El retrato fue encargado a Leonardo hacia 1490, en los primeros años del artista como pintor de corte. Poco después de la ejecución, Cecilia quedó embarazada de Ludovico y dio a luz a un hijo, Cesare. Más adelante se casó con Ludovico Carminati de Brambilla, conde de Bergamino, y el duque trasladó a madre e hijo a la residencia de Carmagnola. En 1498 Isabel de Este solicitó temporalmente la obra para compararla con pinturas de Bellini; tras cerca de un mes, el cuadro regresó a su propietaria original.
El significado simbólico gira en torno al armiño que acompaña a Cecilia. Los especialistas coinciden en que, además de aludir al apodo de Ludovico, “L’Ermellino”, y a la Orden del Armiño que recibió en 1488, el animal incorpora otras lecturas: representa pureza y belleza y mantiene una relación fonética con el apellido Gallerani. Leonardo ya empleaba recursos semejantes en otros retratos, introduciendo elementos iconográficos vinculados al nombre o la condición de la modelada.
Desde el punto de vista zoológico, algunos la identifican como armiño y otros como hurón albino, pero el interés principal es su valor alegórico. Las virtudes atribuidas al animal —equilibrio, quietud y pureza— se reflejan en la actitud serena de Cecilia y en la calma del animal.
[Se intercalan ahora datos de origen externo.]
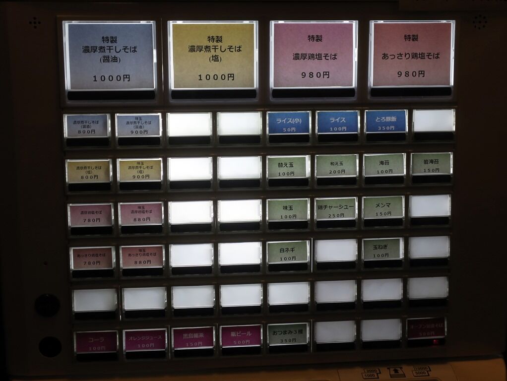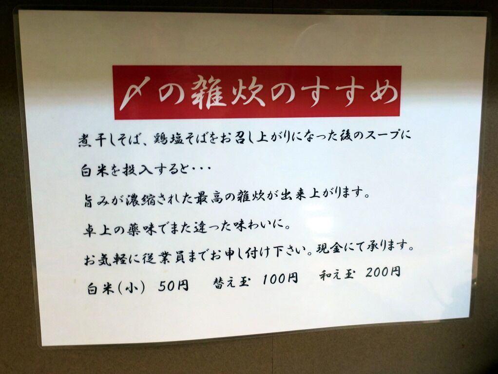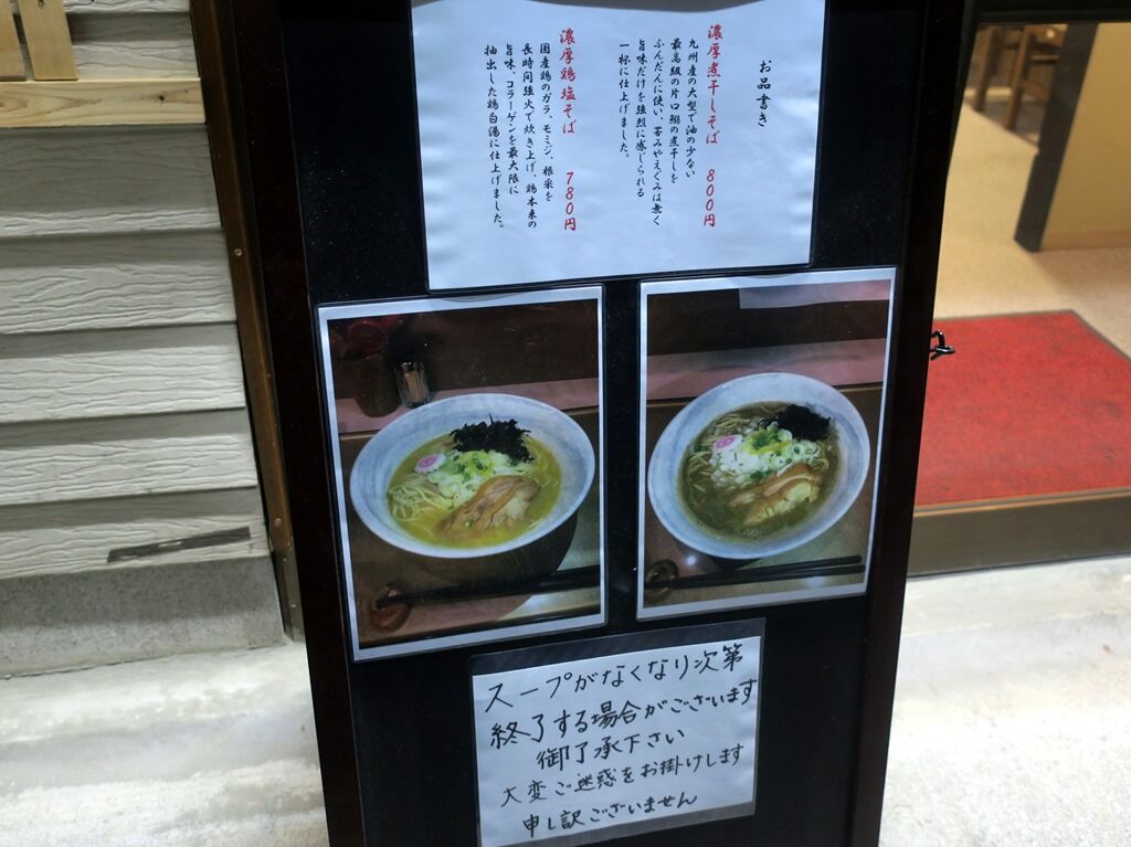 入店するとまず券売機で食券購入です。主なメニューは、濃厚煮干しそば醤油800円、濃厚煮干しそば塩800円、濃厚鶏塩そば780円、あっさり鶏塩そば780円、和え玉200円、白米小50円、他。公式HPにクーポンがありましたが、チェックインが必要みたいだっだので行使しませんでした。

También se ha interpretado como una posible referencia al embarazo de la joven, puesto que en la Italia renacentista se creía que esos animales protegían a las mujeres encinta; además, alusiones míticas al nacimiento de Heracles, en el que intervino un armiño, añaden capas de sentido íntimas y simbólicas.
En términos técnicos, la pintura explora los límites de la representación femenina del Renacimiento. A pesar de intervenciones posteriores —como la supresión de una puerta para lograr un fondo más oscuro y cambios en detalles del peinado y la mano—, La dama del armiño se conserva mejor que otras obras de Leonardo. Estudios con rayos X han mostrado modificaciones anteriores, entre ellas la existencia original de una ventana cuya intensa luz aún se aprecia en el modelado y los reflejos del cuadro.
La composición revela la destreza de Leonardo para sugerir movimiento y estructurar la escena de forma dinámica: la figura femenina y el animal se disponen en una pauta que recuerda una espiral piramidal. Cecilia gira ligeramente hacia la izquierda, y la escena transmite a la vez atención y cierta solemnidad. Las manos, tratadas con gran delicadeza, ponen de manifiesto el dominio anatómico del pintor, y el gesto de la joven, con una sonrisa contenida, muestra cómo Leonardo prefería insinuar las emociones en lugar de explicitaras.
La aparición de una inscripción de atribución en la esquina superior que no cuadra con el contexto histórico apunta a intervenciones modernas. La obra ha sido restaurada en varias ocasiones y sufrió daños durante la guerra. Hoy, expuesta en el Museo Czartoryski, se considera uno de los testimonios más representativos del arte renacentista y de la trayectoria simbólica e histórica que ha seguido a lo largo de los siglos.